The maximum amount of checkers placed on an m×n checkerboard with no rectangles formed

Question

Possible Duplicate:
Placing checkers on an m x n board This problem seems to relate to the combinatoric design which is unfamiliar for me. Still, it arises my interests.

What is the maximum amount of checkers you can place on an $m \times n$ checkerboard such that no four checkers make a rectangle parallel to the rows and columns? Is there existed a close form for the relationship between the number of checkers and the size of the checkerboard.

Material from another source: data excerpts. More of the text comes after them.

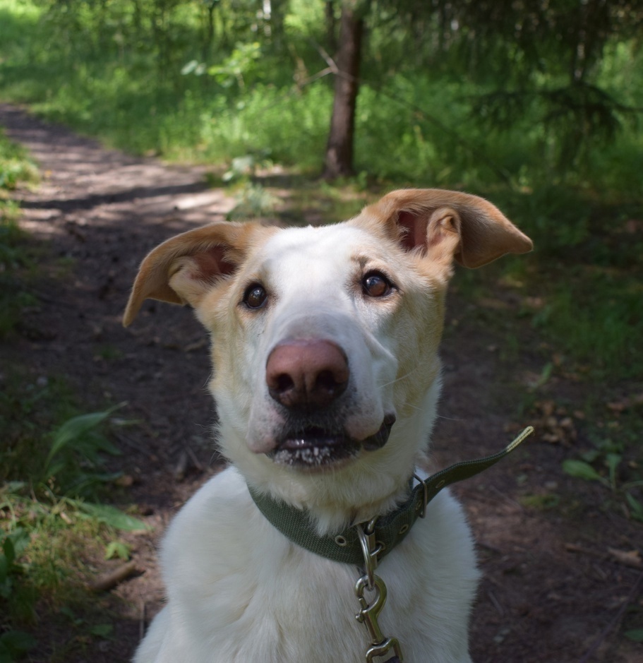По характеру он очень ласковый к людям, общительный пёс. С собаками противоположного пола хорошо ладит. До пристройства, в приюте, общался с детьми, в том числе маленькими, проблем не было.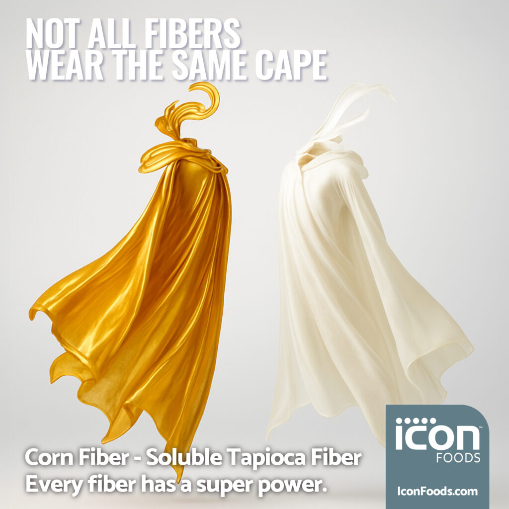 Soluble corn fiber and soluble tapioca fiber each bring functional and nutritional strengths to modern formulation, but tapioca continues to outpace corn on nearly every front. Sourced from non-GMO cassava and boasting fiber content above 90 percent, tapioca delivers a clean-label profile, a neutral sensory footprint, and superior performance across applications from dairy alternatives to baked goods to frozen desserts. Its prebiotic activity supports gut health, its slow glucose absorption aligns with diabetic-friendly development, and its creamy mouthfeel and binding strength unlock richer textures without added sugars or fat. As demand surges for non-Chinese, gluten-free, allergen-friendly, and recognizable ingredients, soluble tapioca fiber — particularly FibRefine™ — is emerging as the go-to choice for brands looking to innovate with confidence and avoid tariff volatility.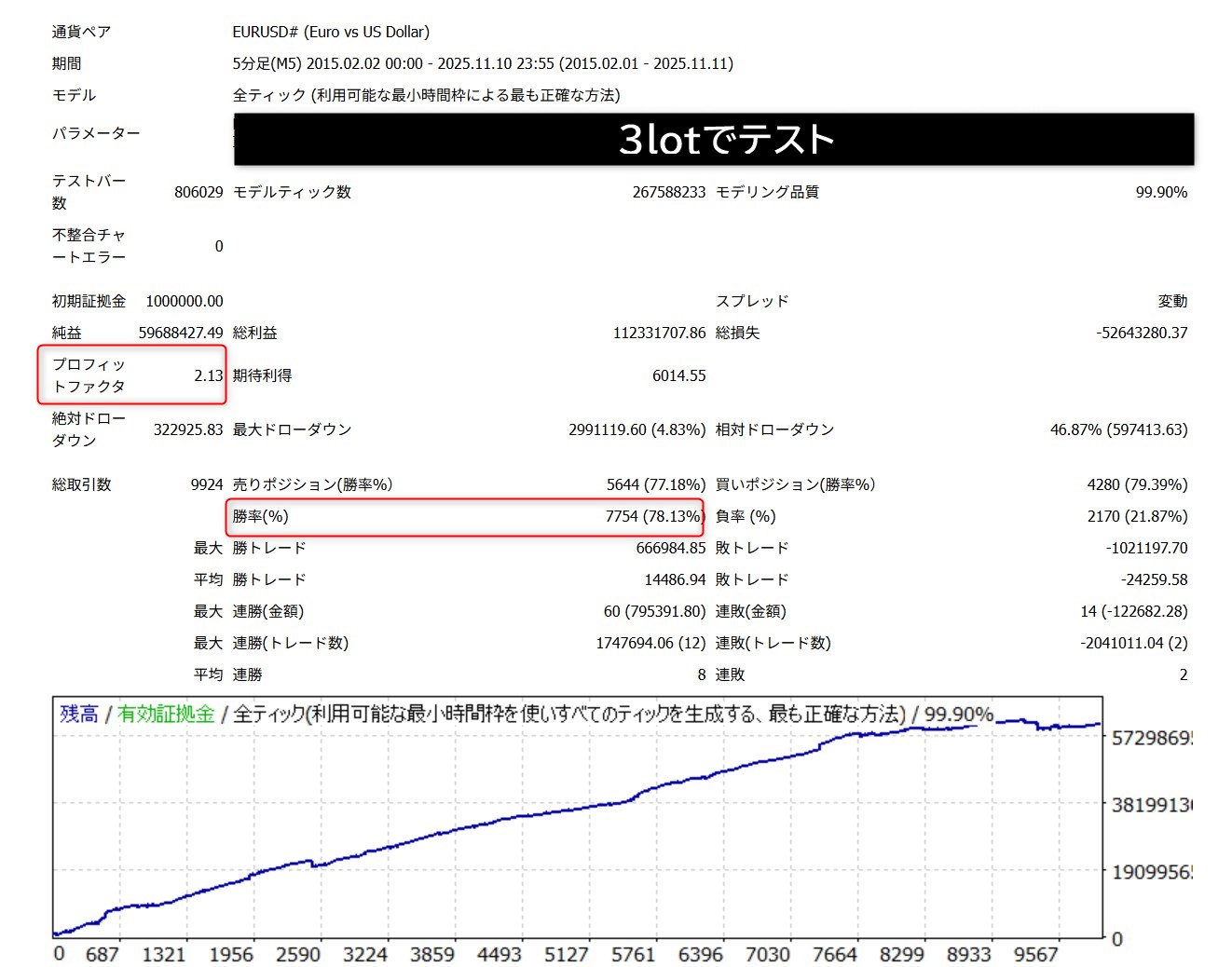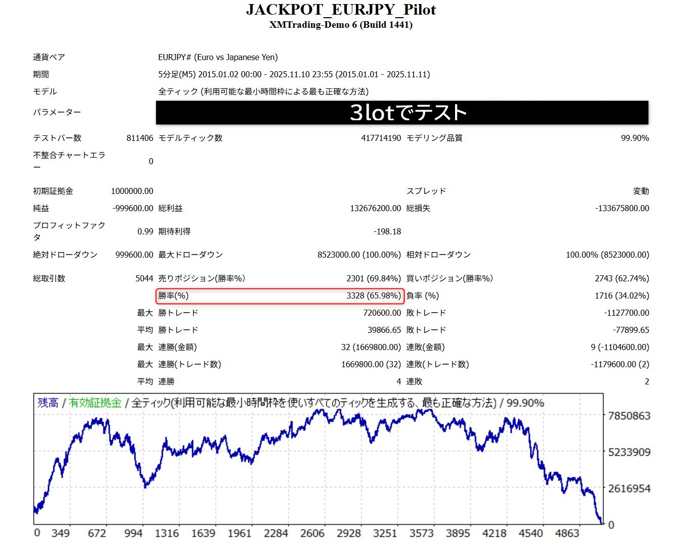 さらに、今回テストしたのはあくまで体験版ですのでもしかしたら購入後のJACKPOTは全く性能が異なるEAの可能性もあります。

There are really too many cases and one specific solution for 4 checkers is below.

The number of possible rectangles is given by the number of ways to choose two columns times the number of ways to choose two rows. i.e.: $$\frac{nm(n-1)(m-1)}{4}$$ The number of ways to put $4$ checkers on the board is: $${nm}\choose{4}$$ Thus, the number of ways to put $4$ checkers on a board without rectangles is just: $${{nm}\choose{4}} - \frac{nm(n-1)(m-1)}{4}$$ This does not answer your question regarding $k$ checkers on the board

so what is the generalization of this question? and is there existed a close form? and how to apply some counting skills in this problem and maybe applied some knowledge in the combinatorics design like my duplicated questions.

Answer 1

An upper bound on $k$.

Let $X_i$ be the number of checkers placed in row $i$, so we have $\sum\limits_{i=1}^n X_i=k$.

We clearly need $\sum\limits_{i=1}^n \binom{X_i}{2}\leq \binom{m}{2}$.

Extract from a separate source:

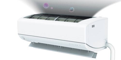 - ※5【試験機関】(一財)北里環境科学センター【試験方法】25㎥試験チャンバー(密閉空間)内に菌(1種類)を浮遊させ、エアコンを空清運転。 経時的にチャンバー(密閉空間)内の浮遊菌を捕集し、菌数を測定【試験結果】自然減衰に比べ73分で99%減少【報告書No.】北生発2022_0069号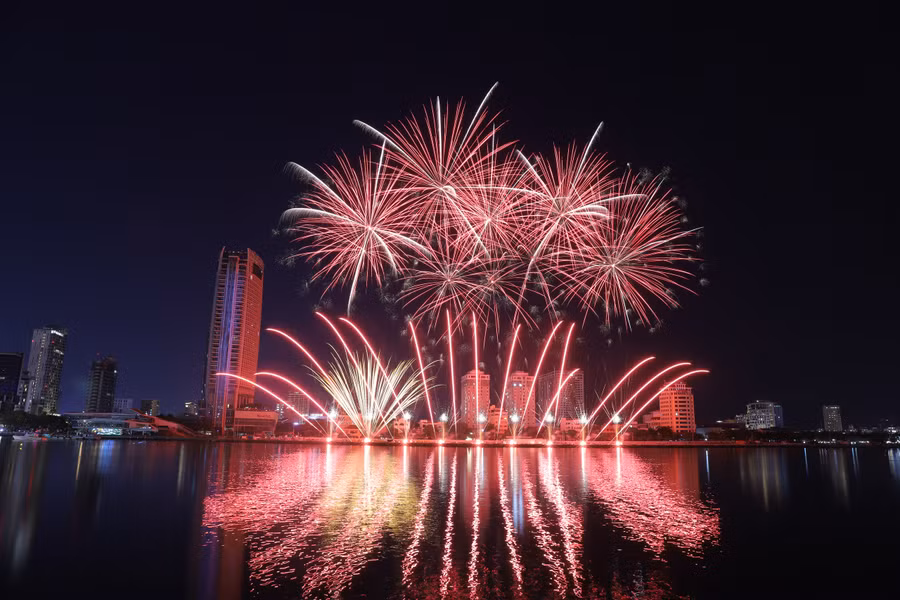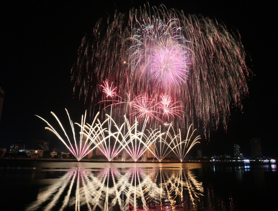 | Không ít khán giả đã sửng sốt trước những chùm pháo hoa lộng lẫy trên không trung, phản chiếu đa sắc màu lên mặt nước, như một vương quốc thiên nhiên sống động từ ngày đến đêm, không thể rời mắt dù chỉ một giây |

If $k=qn+r$ then the sum on the left is at least $(n-r)\binom{q}{2}+r\binom{q+1}{2}$.

This allows you to find a bound on $k$, I don't know when this bound is sharp though, it is sharp in the case in which a $(m,k/n,3)$-design exists. And possibly in some other cases, in which the largest value of $k$ that satisfies $(n-r)\binom{q}{2}+r\binom{q+1}{2}$ gives us a value strictly larger than $\binom{m}{2}$.